- HOW TO COMPLETE THIS TASK -
Copy out the lines of the records below, and only those lines, from the one with "Подарочная книга волшебных" through the one with "Eine Außentreppe führt", exactly as they appear.

- DATA SUPPLIED -
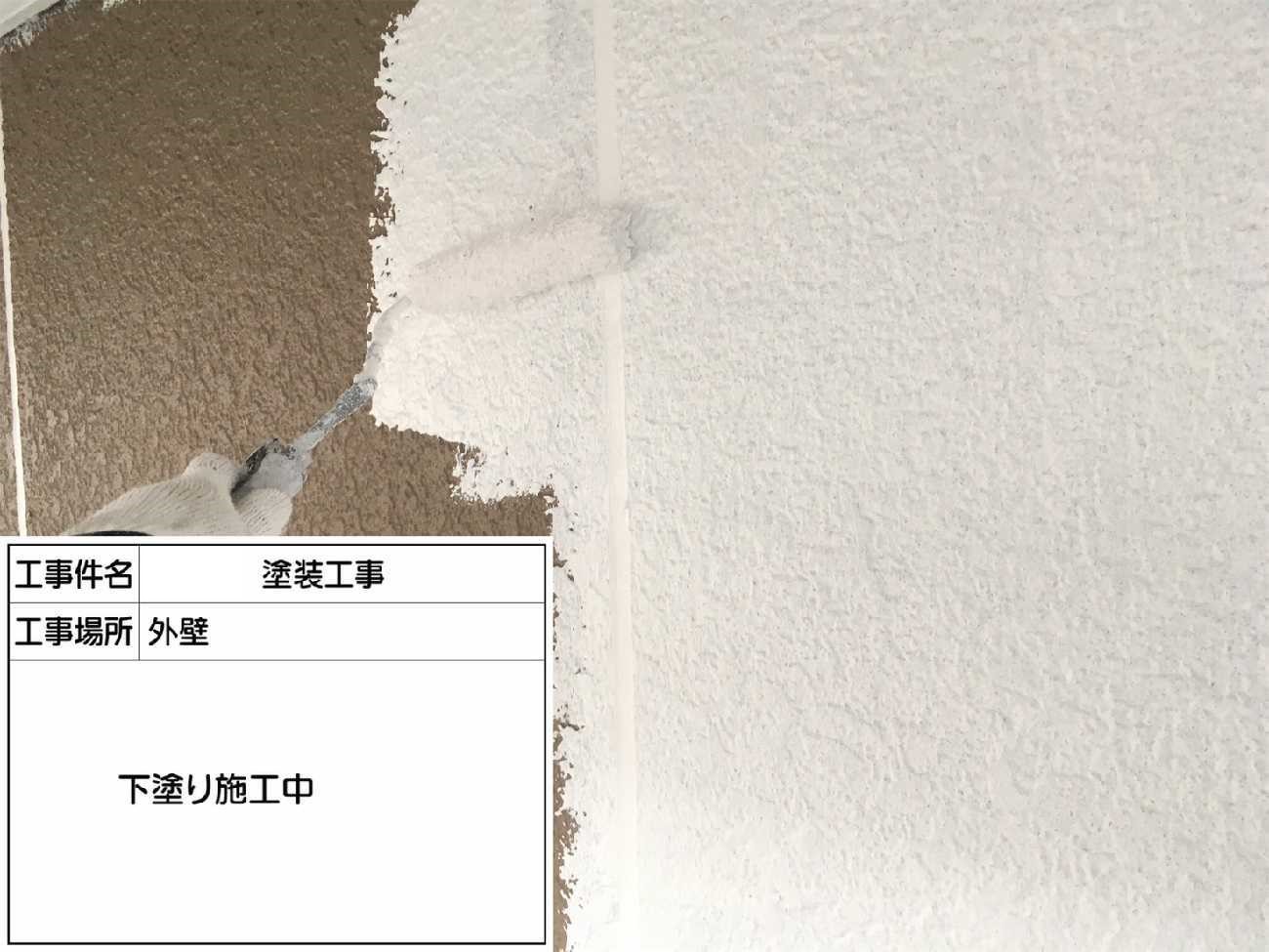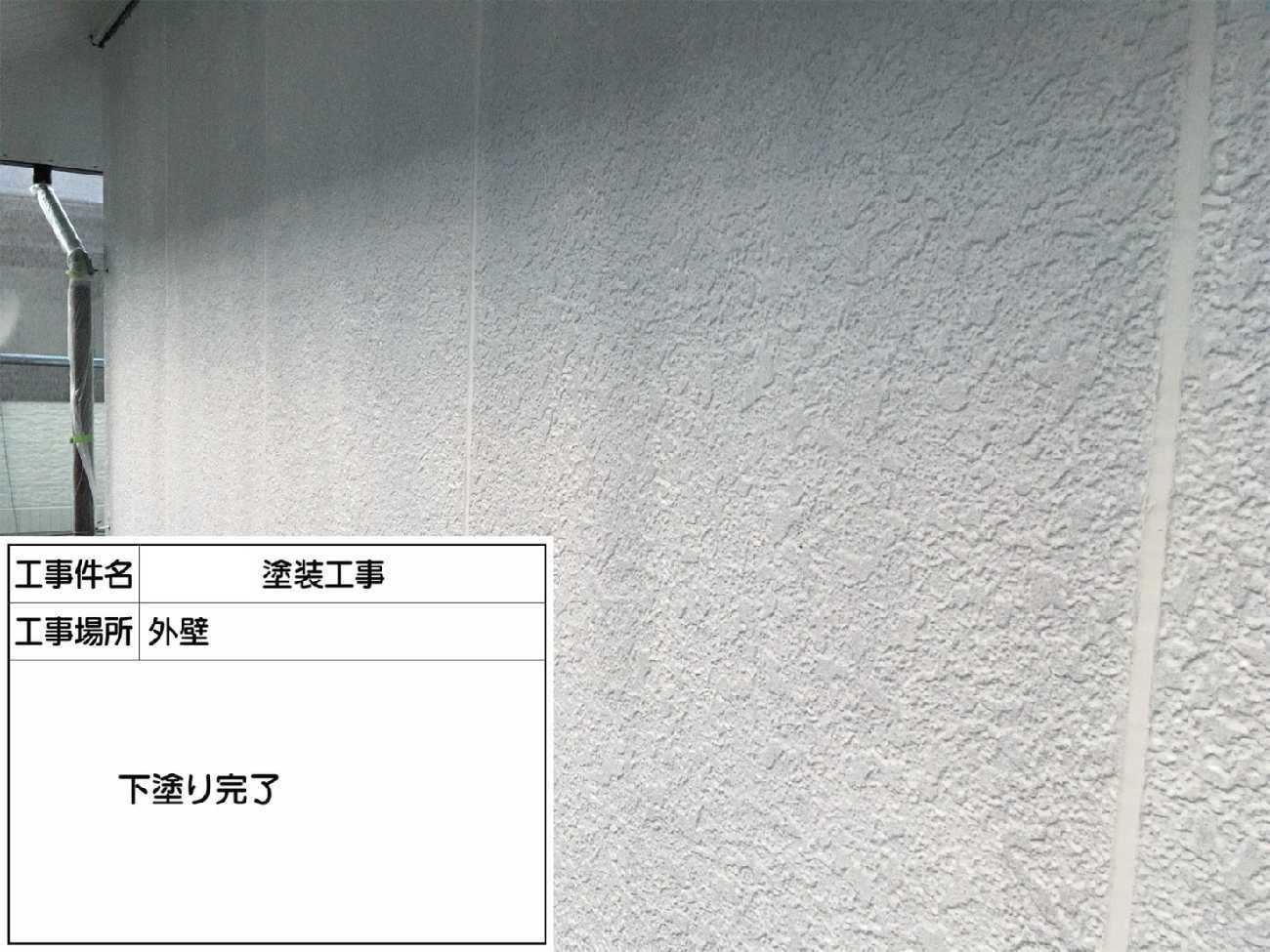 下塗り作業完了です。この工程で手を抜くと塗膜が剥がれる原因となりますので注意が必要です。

...

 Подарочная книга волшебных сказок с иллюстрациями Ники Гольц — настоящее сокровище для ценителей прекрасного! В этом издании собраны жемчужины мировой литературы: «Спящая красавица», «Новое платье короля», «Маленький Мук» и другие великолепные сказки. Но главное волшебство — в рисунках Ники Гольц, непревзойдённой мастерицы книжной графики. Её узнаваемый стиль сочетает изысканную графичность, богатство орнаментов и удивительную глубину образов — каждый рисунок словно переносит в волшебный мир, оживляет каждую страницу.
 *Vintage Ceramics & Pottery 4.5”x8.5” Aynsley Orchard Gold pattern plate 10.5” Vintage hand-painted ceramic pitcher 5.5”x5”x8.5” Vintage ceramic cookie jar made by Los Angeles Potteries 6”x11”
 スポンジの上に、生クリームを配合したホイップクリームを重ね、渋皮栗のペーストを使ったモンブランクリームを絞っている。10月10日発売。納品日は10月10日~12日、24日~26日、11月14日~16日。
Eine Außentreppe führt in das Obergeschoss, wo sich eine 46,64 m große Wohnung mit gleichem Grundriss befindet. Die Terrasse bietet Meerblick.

- RESULT OF THE EXERCISE -
 Подарочная книга волшебных сказок с иллюстрациями Ники Гольц — настоящее сокровище для ценителей прекрасного! В этом издании собраны жемчужины мировой литературы: «Спящая красавица», «Новое платье короля», «Маленький Мук» и другие великолепные сказки. Но главное волшебство — в рисунках Ники Гольц, непревзойдённой мастерицы книжной графики. Её узнаваемый стиль сочетает изысканную графичность, богатство орнаментов и удивительную глубину образов — каждый рисунок словно переносит в волшебный мир, оживляет каждую страницу.
 *Vintage Ceramics & Pottery 4.5”x8.5” Aynsley Orchard Gold pattern plate 10.5” Vintage hand-painted ceramic pitcher 5.5”x5”x8.5” Vintage ceramic cookie jar made by Los Angeles Potteries 6”x11”
 スポンジの上に、生クリームを配合したホイップクリームを重ね、渋皮栗のペーストを使ったモンブランクリームを絞っている。10月10日発売。納品日は10月10日~12日、24日~26日、11月14日~16日。
Eine Außentreppe führt in das Obergeschoss, wo sich eine 46,64 m große Wohnung mit gleichem Grundriss befindet. Die Terrasse bietet Meerblick.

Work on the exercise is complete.